What is being asked:
Skip the pictures. Return exactly the lines from the one containing "MUJI风格新建独栋94平/" through the end of the entries below.

(Working data begins)

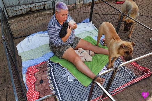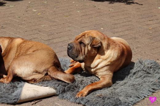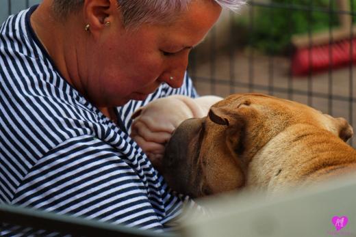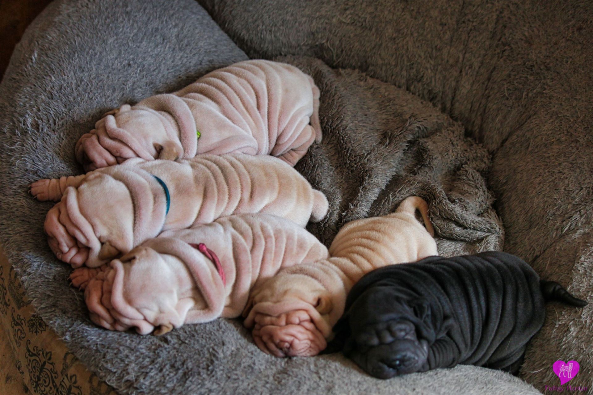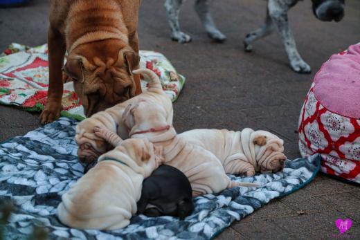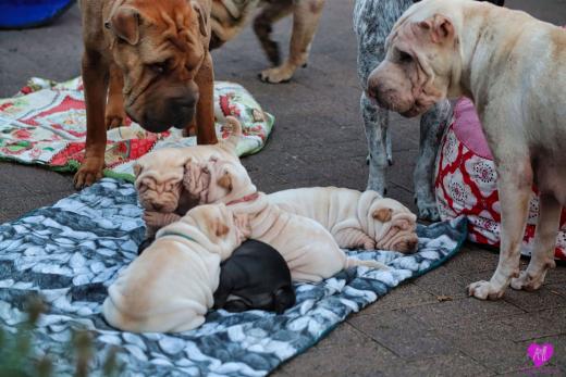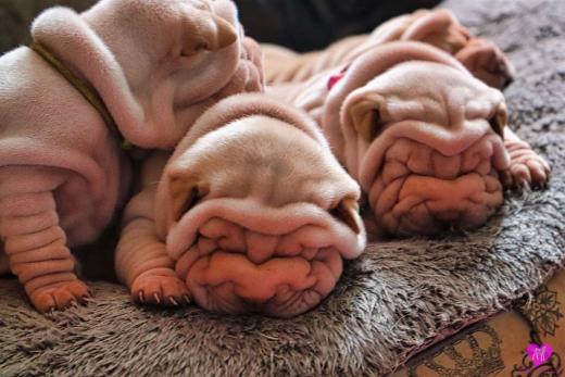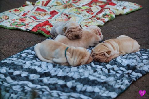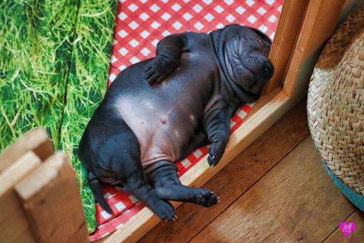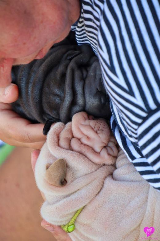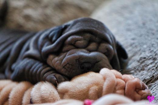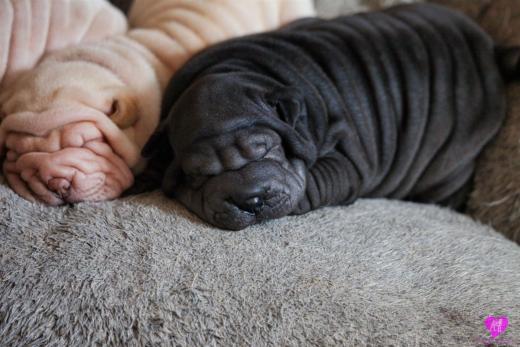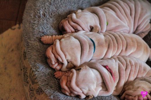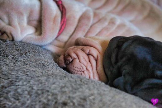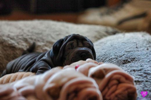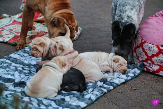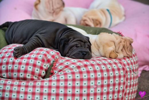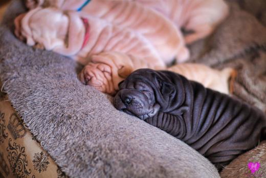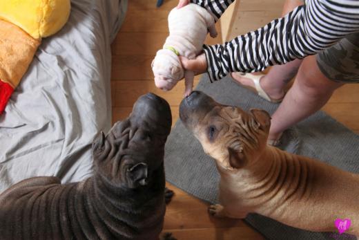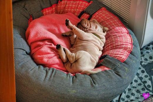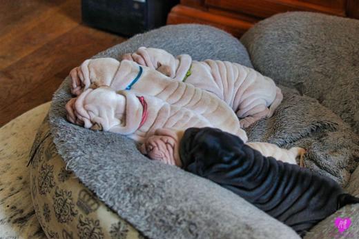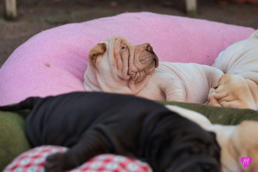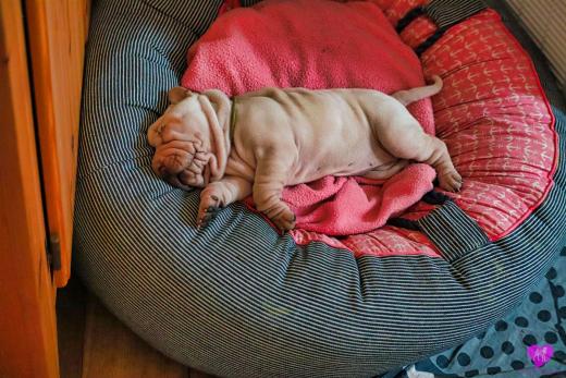 Im Büro war der Boden noch etwas rutschig für die Kleinen. Andrea dachte es ist eine gute Idee, die Kleinen mal in das alte Monki-Schlaf-Bötchen zu legen. Sofort eingeschlafen. Super. Monki weiß noch nicht so richtig. Begeisterung sieht anders aus. Ich glaube seinen fragenden Blick gesehen zu haben: "Wann ziehen die aus?" Die Äuglein der Kleinen gehen auch langsam nach und nach auf. Natürlich nicht wenn sie schlafen. :-) Alle toll entwickelt und sehr ausgeglichen. Das Rudel mag die Kleinen sehr <3 Herz erwärmend zu sehen <3
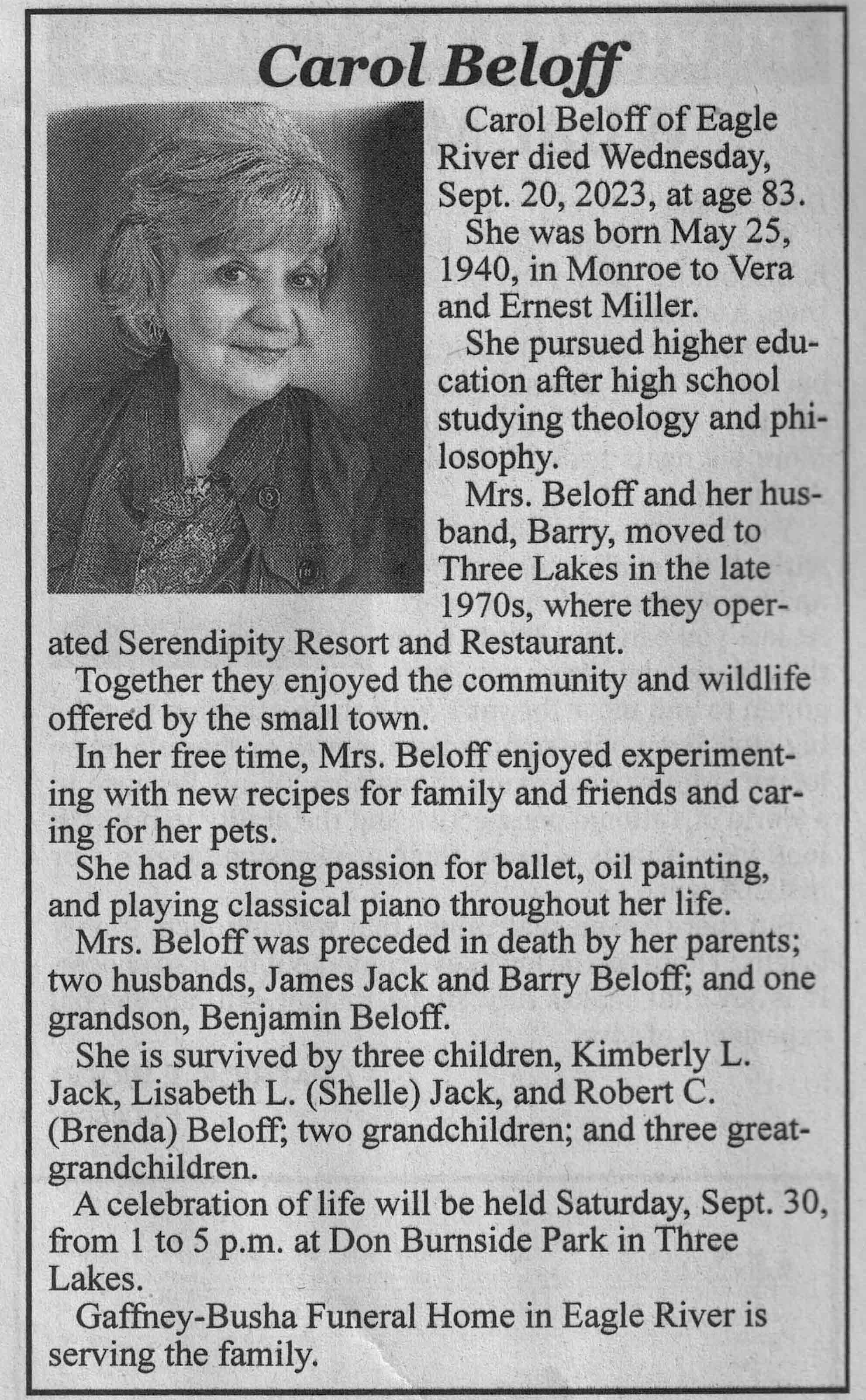 | Beloff | Carol (Miller) | 25 May 1940 | 20 Aug 2023 | VNCR | 27 Sep 2023 | 4A |
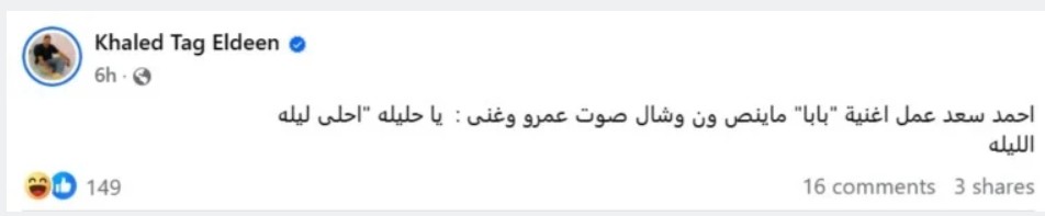 وكتب تاج الدين، في منشور عبر حسابه على منصة "فيسبوك" قائلاً: "أحمد سعد عمل أغنية بابا ماينص ون، وشال صوت عمرو وغنّى يا حليلة.. أحلى ليلة الليلة"، في إشارة إلى التشابه الذي لاحظه بين العملين.
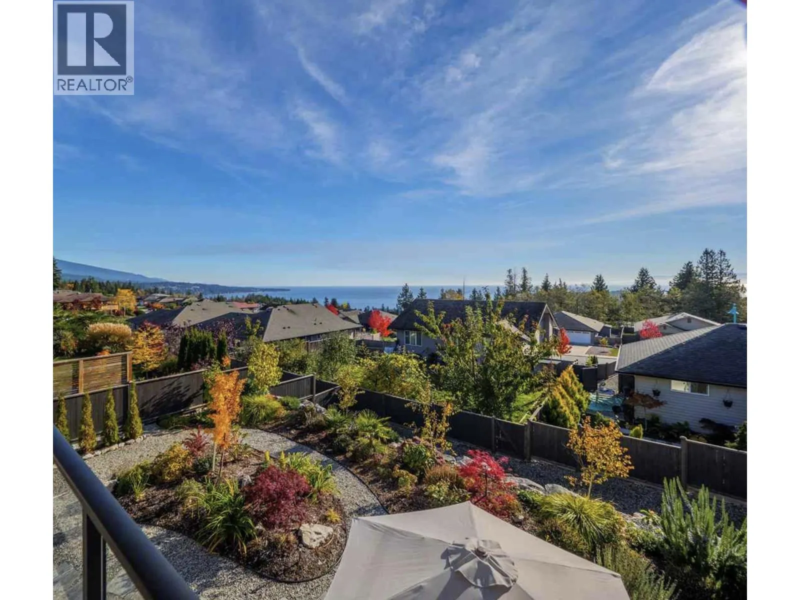 Huge ocean view from this lovely 4-bedroom home in upper West Sechelt, boasting level-entry main floor living with a full walk-out basement (easily suited). Featuring vaulted ceilings, an open-plan layout, a spacious kitchen with granite counters and an oversized island perfect for entertaining. The wide plank flooring and gas fireplaces in both the living and family rooms create a warm, inviting atmosphere. Enjoy breathtaking panoramic views from Davis Bay to the Trail Islands from your oversized sundeck, primary bedroom, family rooms and kitchen. Highlights include a gorgeous mature landscaped yard with irrigation, new heat pump & A/C on the main floor, a retractable awning for indoor-outdoor living. This meticulously cared for home is located just moments from the amenities of Sechelt. (id:27476)
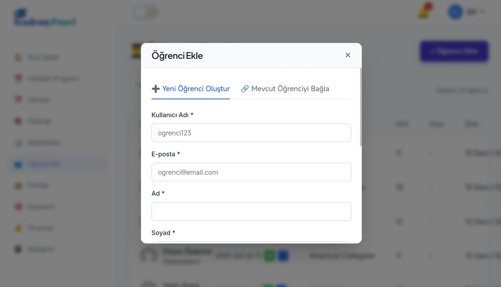 Öğrenci hesabı oluşturmak ve Mevcut Öğrenci Hesabını Bağlamak
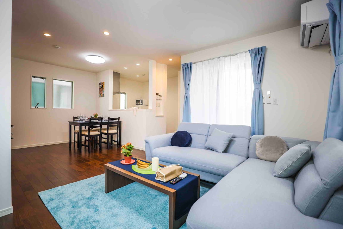 MUJI风格新建独栋94平/难波&日本桥&鹤桥&黑门市场直达8-10分钟/8床5卧室/可住12人
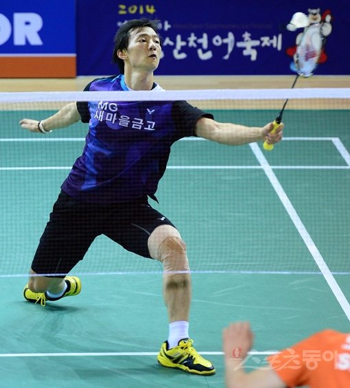 9일 강원도 화천체육관에서 열린 2013 한국실업연맹 회장기 실업배드민턴 대회 남자 단식결승에서 승리한 MG새마을금고 이현일이 상대 공격을 받아내고 있다. 화천|김종원 기자 won@donga.com 트위터@beanjjun
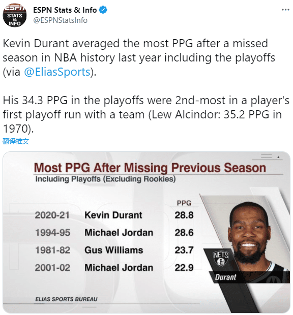 杜兰特是NBA史上缺席一个赛季后重返赛场场均得分最高的球员,常规赛+季后赛场均28.8分,力压94-95赛季的乔丹成为该记录历史第一人。

(Working data ends)

Written response:
 MUJI风格新建独栋94平/难波&日本桥&鹤桥&黑门市场直达8-10分钟/8床5卧室/可住12人
 9일 강원도 화천체육관에서 열린 2013 한국실업연맹 회장기 실업배드민턴 대회 남자 단식결승에서 승리한 MG새마을금고 이현일이 상대 공격을 받아내고 있다. 화천|김종원 기자 won@donga.com 트위터@beanjjun
 杜兰特是NBA史上缺席一个赛季后重返赛场场均得分最高的球员,常规赛+季后赛场均28.8分,力压94-95赛季的乔丹成为该记录历史第一人。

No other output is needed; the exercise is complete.